BEGIN
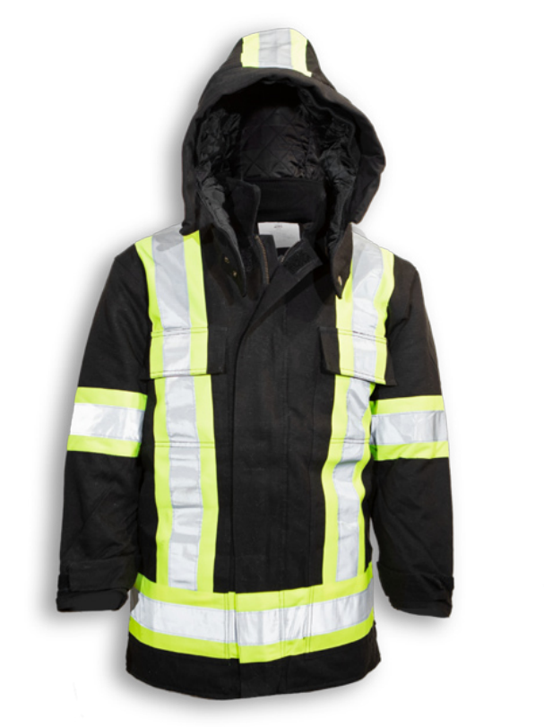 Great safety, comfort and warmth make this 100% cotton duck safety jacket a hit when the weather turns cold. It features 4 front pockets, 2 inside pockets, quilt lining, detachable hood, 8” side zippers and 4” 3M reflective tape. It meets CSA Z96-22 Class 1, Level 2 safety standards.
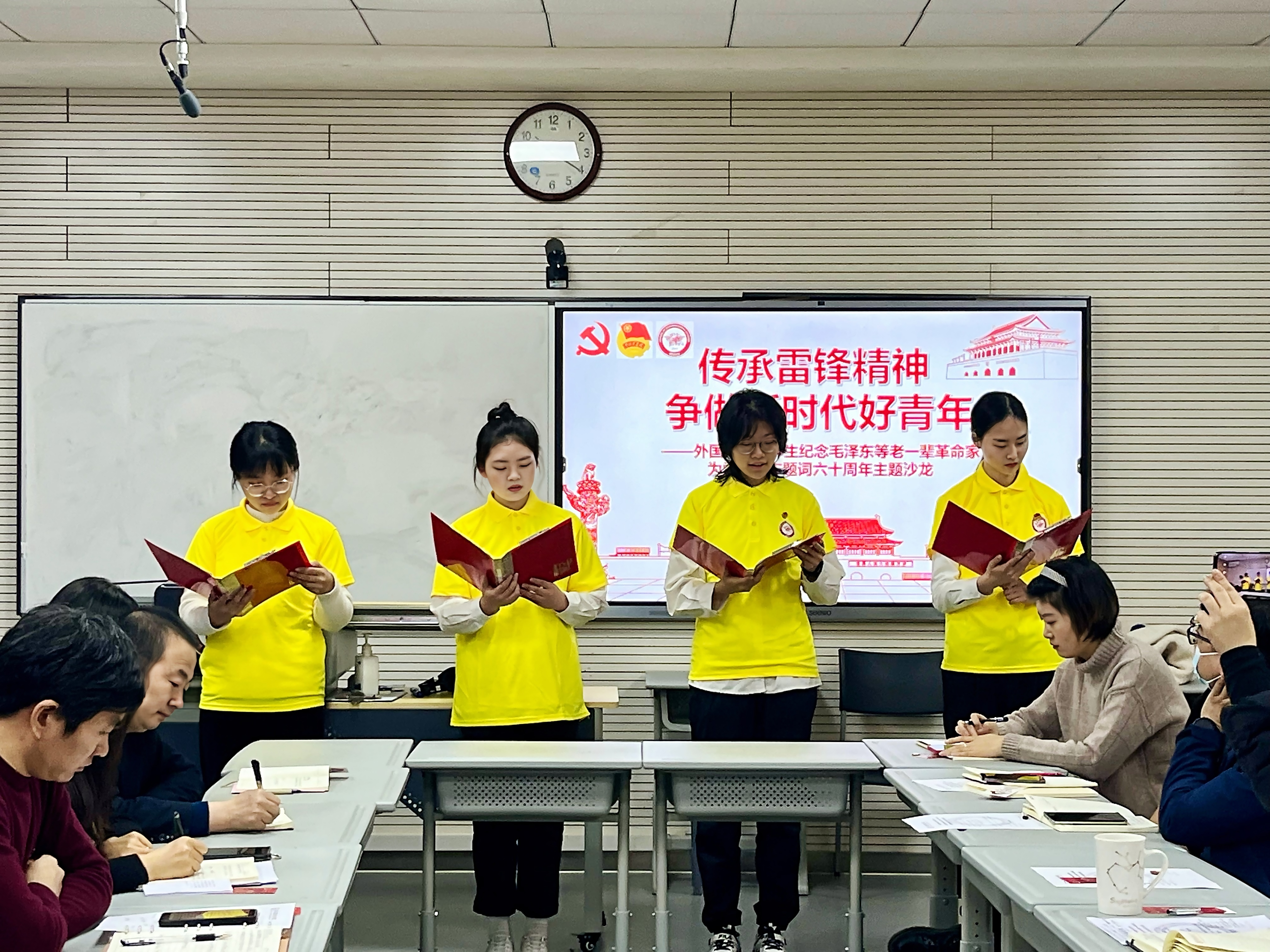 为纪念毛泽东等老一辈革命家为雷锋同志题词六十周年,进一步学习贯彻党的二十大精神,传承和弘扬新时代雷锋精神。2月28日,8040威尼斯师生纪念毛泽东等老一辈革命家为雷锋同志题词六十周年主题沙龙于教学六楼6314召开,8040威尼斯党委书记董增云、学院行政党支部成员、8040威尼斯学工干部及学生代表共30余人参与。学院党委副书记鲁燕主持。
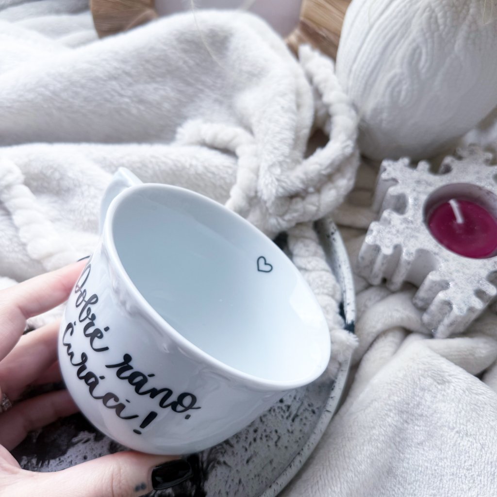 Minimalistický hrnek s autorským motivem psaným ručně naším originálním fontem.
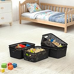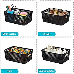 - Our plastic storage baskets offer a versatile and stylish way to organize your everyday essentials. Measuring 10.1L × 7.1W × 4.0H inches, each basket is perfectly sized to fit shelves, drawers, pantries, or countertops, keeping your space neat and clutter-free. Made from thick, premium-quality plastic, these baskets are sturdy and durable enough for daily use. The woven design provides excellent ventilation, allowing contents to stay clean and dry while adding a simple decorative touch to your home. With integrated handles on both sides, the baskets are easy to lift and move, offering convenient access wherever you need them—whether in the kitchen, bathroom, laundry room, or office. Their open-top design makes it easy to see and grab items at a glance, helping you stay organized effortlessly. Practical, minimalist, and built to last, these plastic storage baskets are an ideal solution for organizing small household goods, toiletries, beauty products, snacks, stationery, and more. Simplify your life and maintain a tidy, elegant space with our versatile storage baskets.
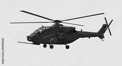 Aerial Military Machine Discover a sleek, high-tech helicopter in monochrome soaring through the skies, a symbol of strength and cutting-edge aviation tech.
END
Please reproduce the data above word for word, skipping all images.

> Response to this task:
 Great safety, comfort and warmth make this 100% cotton duck safety jacket a hit when the weather turns cold. It features 4 front pockets, 2 inside pockets, quilt lining, detachable hood, 8” side zippers and 4” 3M reflective tape. It meets CSA Z96-22 Class 1, Level 2 safety standards.
 为纪念毛泽东等老一辈革命家为雷锋同志题词六十周年,进一步学习贯彻党的二十大精神,传承和弘扬新时代雷锋精神。2月28日,8040威尼斯师生纪念毛泽东等老一辈革命家为雷锋同志题词六十周年主题沙龙于教学六楼6314召开,8040威尼斯党委书记董增云、学院行政党支部成员、8040威尼斯学工干部及学生代表共30余人参与。学院党委副书记鲁燕主持。
 Minimalistický hrnek s autorským motivem psaným ručně naším originálním fontem.
 - Our plastic storage baskets offer a versatile and stylish way to organize your everyday essentials. Measuring 10.1L × 7.1W × 4.0H inches, each basket is perfectly sized to fit shelves, drawers, pantries, or countertops, keeping your space neat and clutter-free. Made from thick, premium-quality plastic, these baskets are sturdy and durable enough for daily use. The woven design provides excellent ventilation, allowing contents to stay clean and dry while adding a simple decorative touch to your home. With integrated handles on both sides, the baskets are easy to lift and move, offering convenient access wherever you need them—whether in the kitchen, bathroom, laundry room, or office. Their open-top design makes it easy to see and grab items at a glance, helping you stay organized effortlessly. Practical, minimalist, and built to last, these plastic storage baskets are an ideal solution for organizing small household goods, toiletries, beauty products, snacks, stationery, and more. Simplify your life and maintain a tidy, elegant space with our versatile storage baskets.
 Aerial Military Machine Discover a sleek, high-tech helicopter in monochrome soaring through the skies, a symbol of strength and cutting-edge aviation tech.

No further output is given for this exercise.